Chogyam Trungpa (1991) was an initiated and lineage holder in crazy wisdom, a skillful means practice of making the unseen seen. In this era of bright darkness, dazzling technologies, and accelerated lives and learning, this can be as simple as naming our distraction and as complicated as reclaiming the lost parts of our lives which were thrown out for not conforming, and/or injured by overtly dissociative states of people in positions of power.

And so, in a wilderness nearby, the seven of us ready to Awaken Our Soul Fire steeped in such wisdom, and opened ourselves to the ceremony and the great mystery of a wilderness rite of passage.

Yellow Pea and Monkshood cover the ground in all directions, while a few very old and tall Aspen provide us just enough shelter amidst the midday light to make a basecamp. Soon, we will stand, each with our stone, and create the threshold circle–-a place each child will step into as they mark their rite of passage and step out of as an initiated adolescent. First, though, we will make a vow to keep ourselves safe, a promise to return, and sing a song that has been sung by thousands of questers headed to the land:
we are one with the infinite sun, forever and ever and ever
we are one with the infinite earth, forever and ever and ever
The echoes of the stories still permeate my consciousness, and I can hear the depth and wisdom of these young voices and beings as they made sense of their place in the vast lineage of belonging amidst so much social, cultural, and historical confusion…
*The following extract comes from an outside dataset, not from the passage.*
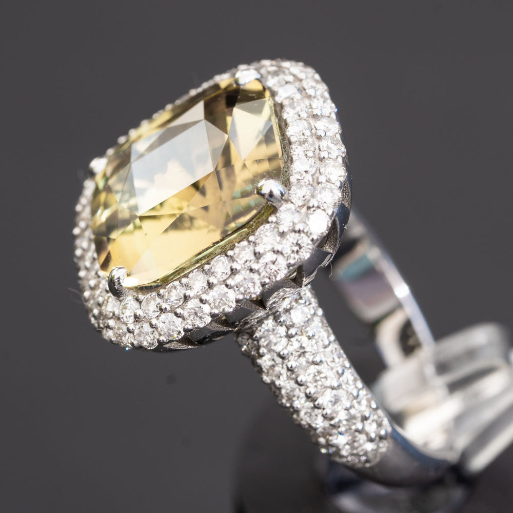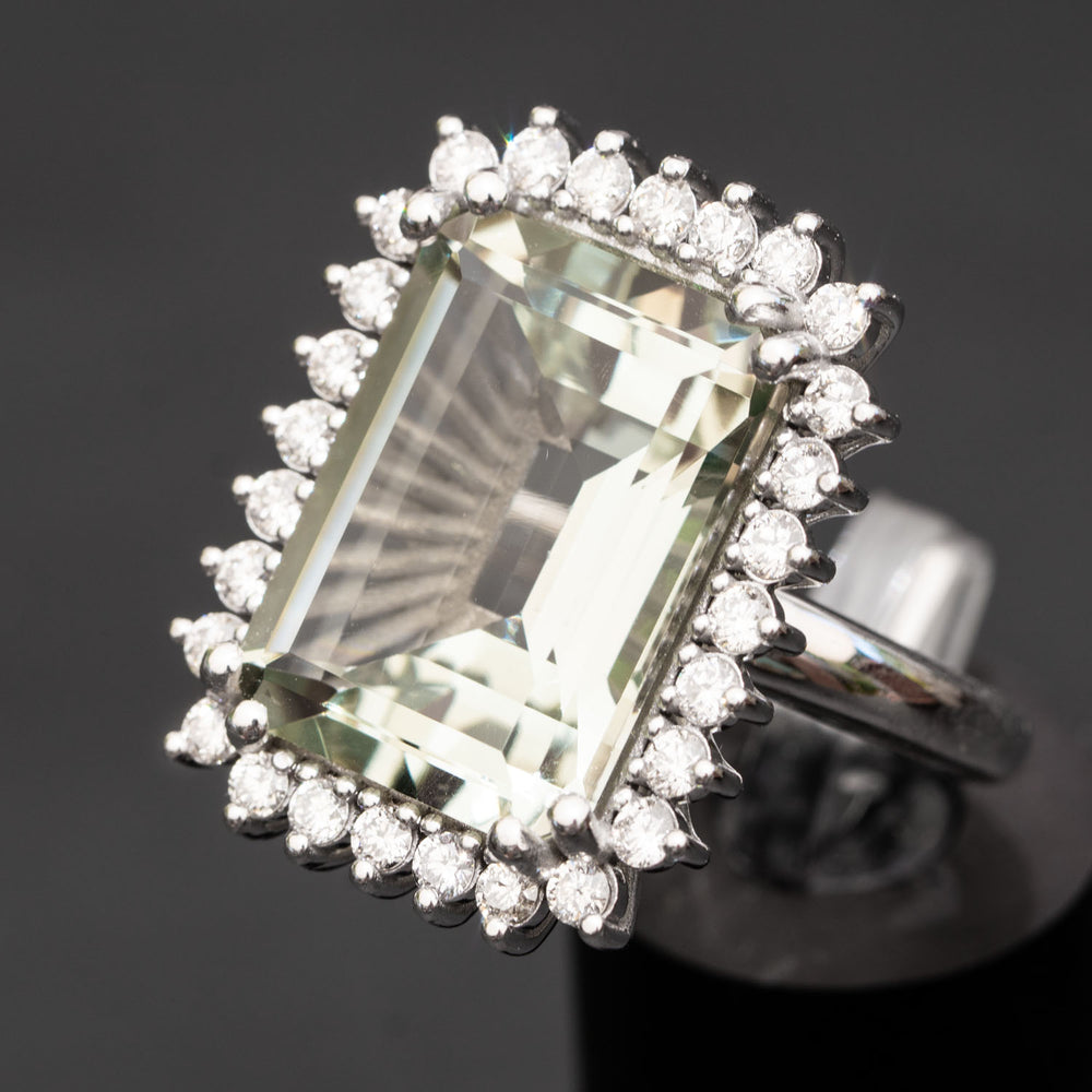 Athena - 18.70 carat Natural Green Amethyst ring with 1.37 carat diamonds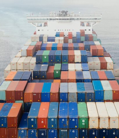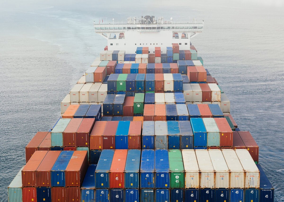 Witness global trade in motion as a mighty cargo ship navigates the vast ocean, symbolizing the interconnectedness of our world.

We held vigil with our inner worlds, and called in…
healing
strength
creativity
sensitivity
vulnerability
being wanted
being a good friend
being loveable
acceptance of our shadows as gifts
as okay
as enough
as love too
We were held by Aspen, Spruce, and the vastness of a thriving high mountain ecosystem. We let the white butterflies touch us and remind us of our innate and unbreakable purity. While the hills were steep, we learned to hike them for our people, and both drew and gave inspiration into our humyn and more-than-humyn communities, near and far.
We took naps, muddied our feet, and sat with our fears and tears. We told time with the shadows, with the casting of light and dark across the terrain of the land and our bodies. We drummed on the land, and called out in bird whistles to our people, and they called back.
We roared.
We whispered.
We let the wildness embrace all our parts.

I can still see clearly this exquisite yet mundane moment along the trail. We were exiting a high meadow of Aspen trees, a vast openness, and beginning the final decent into a spruce/pine forest of the last two miles of the trek. The initiated adolescents were now in the lead, and as we guides were in the rear, we could see them walk under a thin gossamer thread of a spiders web strung between two ten-foot evergreens on either side of the trail–-a perfect threshold under which we all passed, ready to claim and enact out initiations, in all their various forms.
In humility and gratitude,
tbird

References
Trungpa, C. (1991). Crazy wisdom. (S. Chödzin, Ed.). Shambhala.